Input one.txt file
[{"a":1,"b":2,"c":3}, {"a":11,"b":12,"c":13},{"a":1,"b":2,"c":3}]
Expected out:
a b c
1,11,1 2,12,1 3,13,3
Could you please provide the solution in a Spark dataFrame using scala?
val spark = SparkSession.builder().appName("JSON_Sample").master("local[1]") getOrCreate()
val data = """[{"a":1,"b":2,"c":3}, {"a":11,"b":12,"c":13},{"a":1,"b":2,"c":3}]""" //one.txt
val df = spark.read.text("./src/main/scala/resources/text/one.txt").toDF()

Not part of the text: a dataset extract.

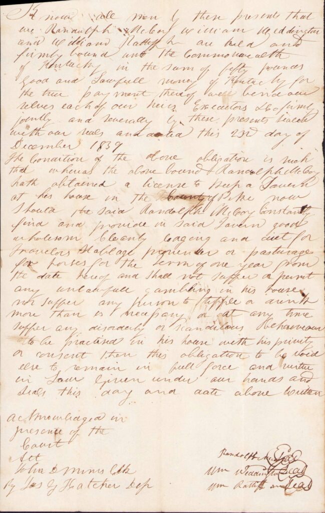 - (1856) Whereas James Ferguson has obtained a license to keep a tavern at the house now occupied by him in this county of Pike now we James Ferguson, Principal, and Colbert Cecil his security do hereby covenant and agree with the Commonwealth of Kentucky that said James Ferguson shall continually find and provide in said tavern good wholesome cleanly lodging and diet for travelers and stabling and provider – or pasturage for horses and mules during the period the license remains in force and that he will not suffer any gaming in this house or on his premises and will not suffer any person to tipple or drink more than is necessary in his house or on his premises or at any time suffer any scandalous or disorderly behavior in his house or on his premises given under our hands this 15th day of December 1856. Att. S.K. Damron Clk. James Ferguson, Colbert Cecil.

CodePudding user response:
This is python version of running code with spark. if you are able to convert it then it is fine otherwise let me know i will do it.
df = spark.read.json(sc.parallelize([{"a":1,"b":2,"c":3},{"a":11,"b":12,"c":13},{"a":1,"b":2,"c":3}]))
df.show()
--- --- ---
| a| b| c|
--- --- ---
| 1| 2| 3|
| 11| 12| 13|
| 1| 2| 3|
--- --- ---
df.agg(*[concat_ws(",",collect_list(col(i))).alias(i) for i in df.columns]).show()
------ ------ ------
| a| b| c|
------ ------ ------
|1,11,1|2,12,2|3,13,3|
------ ------ ------
For scala Spark :
import spark.implicits._
val spark = SparkSession.builder().appName("JSON_Sample").master("local[1]") getOrCreate()
val jsonStr = """[{"a":1,"b":2,"c":3}, {"a":11,"b":12,"c":13},{"a":1,"b":2,"c":3}]"""
val df= spark.read.json(spark.createDataset(jsonStr :: Nil))
val exprs = df.columns.map((_ -> "collect_list")).toMap df.agg(exprs).show()